高楼方子さんはよい児童書の書き手ですね〜。
じぶんが中学生や高校生だったころに出会いたかった本って、いま大人になって子どもを授かったからこそ、そう思うのかも知れません。
あの頃、思春期の少年少女が主人公といえば、コバルト文庫やちょっとエッチな少女文学しかなく、ほんとうの悩みとはテーマがちょっとズレていたような気がします。

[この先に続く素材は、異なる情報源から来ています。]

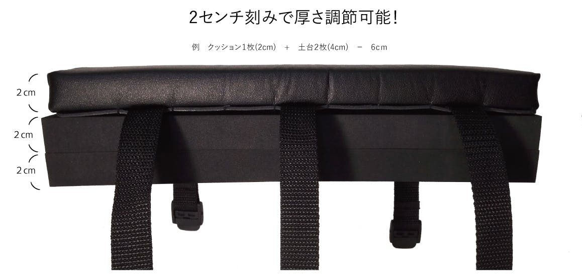 ※+2~6cmタイプ → 土台+4cm クッション部分+2cm 最大6cmUP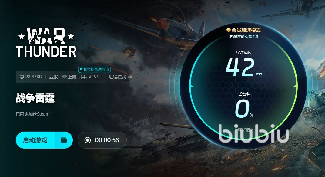 豐厚的福利也可以讓大家重新認識一下biubiu這款加速器,比如你是新人的話第一次登錄時候,就可以得到24h的vip權(quán)限,直接在搜索欄編輯戰(zhàn)爭雷霆游戲名稱一鍵啟動加速服務(wù)。兼容性高的biubiu不僅僅提供pc游戲加速服務(wù),主機游戲也是可以通過它完成網(wǎng)絡(luò)優(yōu)化服務(wù)的,想要成功的兌換三天繼續(xù)加速時間,那么【biubiu不卡頓】在編輯的時候一定要看清大小寫哦。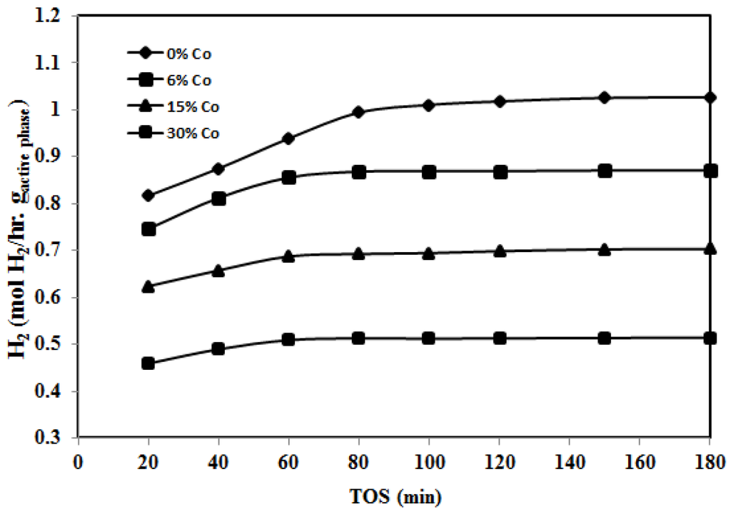 Bayat et al. [] employed iron promoted nickel catalysts supported on nanocrystalline gamma alumina as a catalyst for methane decomposition to produce CO-free hydrogen and carbon nano-fibers using a fixed bed reactor. The results have revealed that Fe addition to nickel has improved catalyst stability since carbon diffusion is enhanced reducing the encapsulating carbon formation.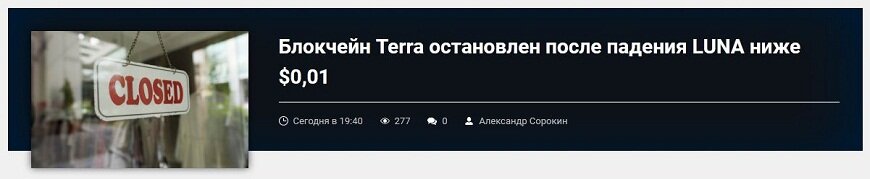 Ранее один из самых капитализированных алгоритмических стейблкоинов TerraUSD (UST) потерял привязку к доллару США. На этом фоне курс нативной криптовалюты проекта Terra (LUNA) в паре LUNA/USD упал более чем на 99% за неделю, а стейблкоин экосистемы, terraUSD (UST), до сих пор находится в свободном падении. На фоне волатильности разработчики проекта остановили работу блокчейна, чтобы избежать атаки на проект.

『潜水服は蝶の夢を見る』は映画にもなっています。これがまた直視し続けるのが辛いんですが、コミュニケーションの方法が見つかり、まばたきを根気よく読み取ってくれる相手がいたことで精神的に救われて行く様子が希望を抱かせます。
いままで生きて来た価値観を覆され、周囲の人間たちにも不信感を持ってしまう過程がよく描かれているなあと思いました。
さゆたさんのおばあさまも答えることはできなくても、こちらが話すことはちゃんと理解できていたかも知れませんね。でも、反応がない相手に話しかけるってとても難しいことでもあります。
わたしもこれからこういったことに出会う可能性が高いので、何でもいいから話してあげようと思いました。

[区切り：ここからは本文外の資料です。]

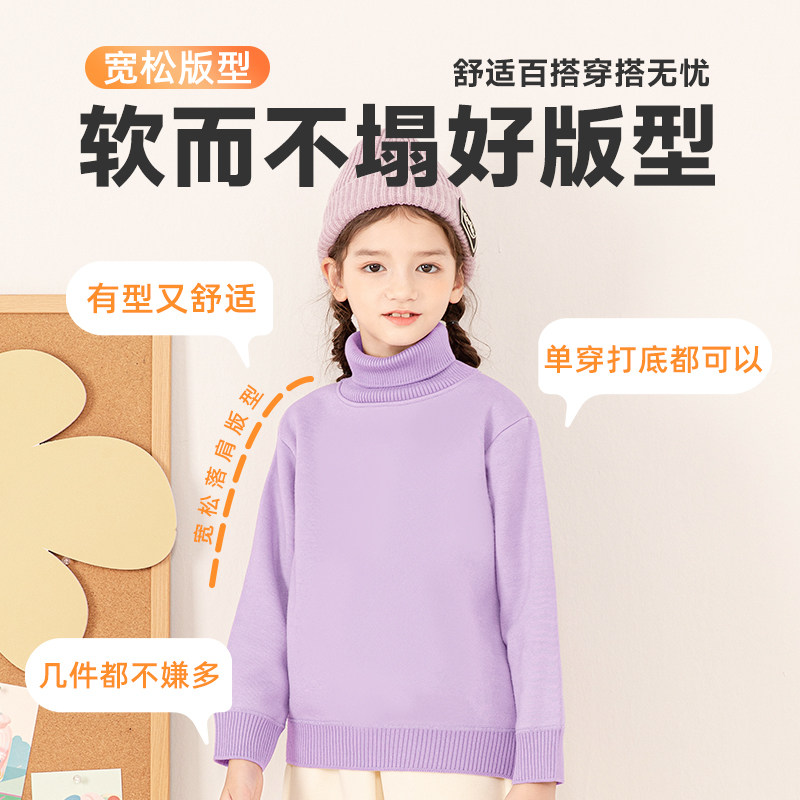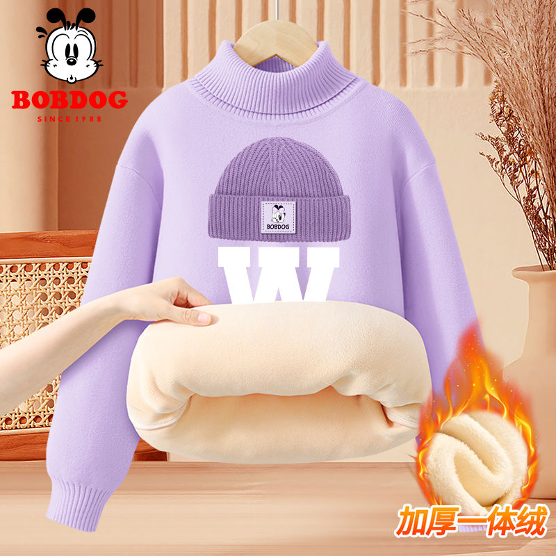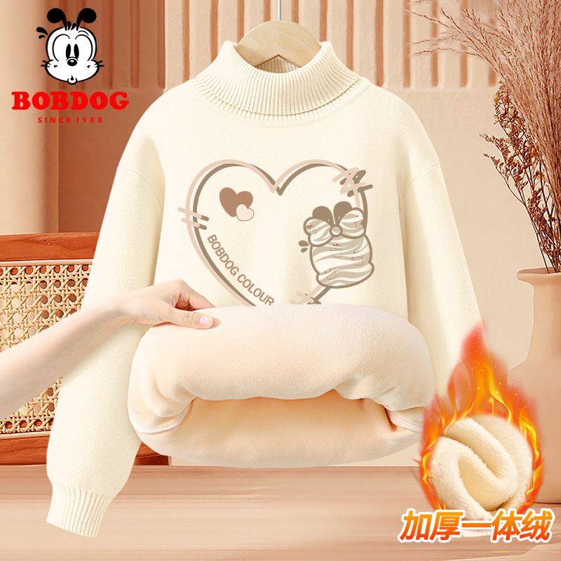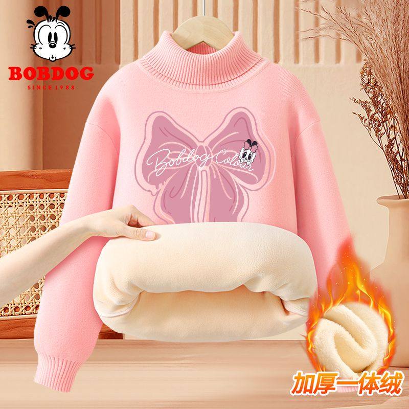 巴布豆女童高领毛衣加绒保暖上衣秋冬2025新款儿童打底衫冬装黑色

Posted by: ヤヤー | January 28, 2012 at 01:24

そうそう!自分で選ぶとなんだか偏ってしまうんだよね。
お薦めの本、私も読んでみたい内容だな~~
さゆたはあの地元の図書館で借りるのかな?
なんだか懐かしいなぁ。

夏休みに二階の机があるスペースで勉強したこととか
いろんなこと思い出した。

十一月の扉は娘にも読ませたいなhappy01

Posted by: shoko | January 30, 2012 at 00:26

≫ヤヤーさん

さすがヤヤーさん!
『十一月の扉』も『潜水服は蝶の夢を見る』も
読んだことあるのですね?
色々な本を読むたびに、自分は読んだことのない本が
この世の中にはどれだけあるんだろう?って思ってしまいます。
全部読むことは不可能なので仕方のないことですけどね。(^^;)
コバルト文庫って懐かしいです!!!
今まですっかり忘れてましたが、ありましたよねーーー
今もあるんでしょうかね?
『潜水服は蝶の夢を見る』のほうは、映画になっているのですね?
知りませんでした。
確かに見るのは辛そうですよね。
きっと色々なことを考えさせられるんでしょうね。

祖母は倒れて最初の頃、
言っていることが聞こえているんじゃないかって思う出来事が
あったんですよね。
周りでは親戚の伯母達が聞こえていないという前提で
色々なことを話していたので、あれはどうだったんだろうって
今更ながらに思います。


≫shoko

今は本屋大賞の上位の作品を借りて読むことが多いけど
それ以外にも面白い本はきっとたくさんあるんだろうね。
他の人のお薦めの本って意外性があって面白いかもって
今回思ったよ。

そうそう、市立図書館で借りてるよ!
私はあの2階で勉強したことって殆どないんだけど
結構勉強していた人いたみたいね?
今はたまに上の子が友達と行ってるよ。
一人で行けって思ってしまうけど。。。(^^;)
shokoの上の子ちゃんなら、『十一月の扉』ちょうどいいかも。
ぜひぜひお薦め♪

Posted by: さゆた | January 31, 2012 at 09:39

ジョン・グリシャムの本は、法律や弁護士や裁判をテーマにした話が多いですよね。映画になった作品がすごく多くて、(私は本はほとんど読んでいませんが)映画はだいたいどれも面白かったなぁ、という印象があります(ここ5年くらい映画をあまり見ていないので、最近の作品は知りませんが)。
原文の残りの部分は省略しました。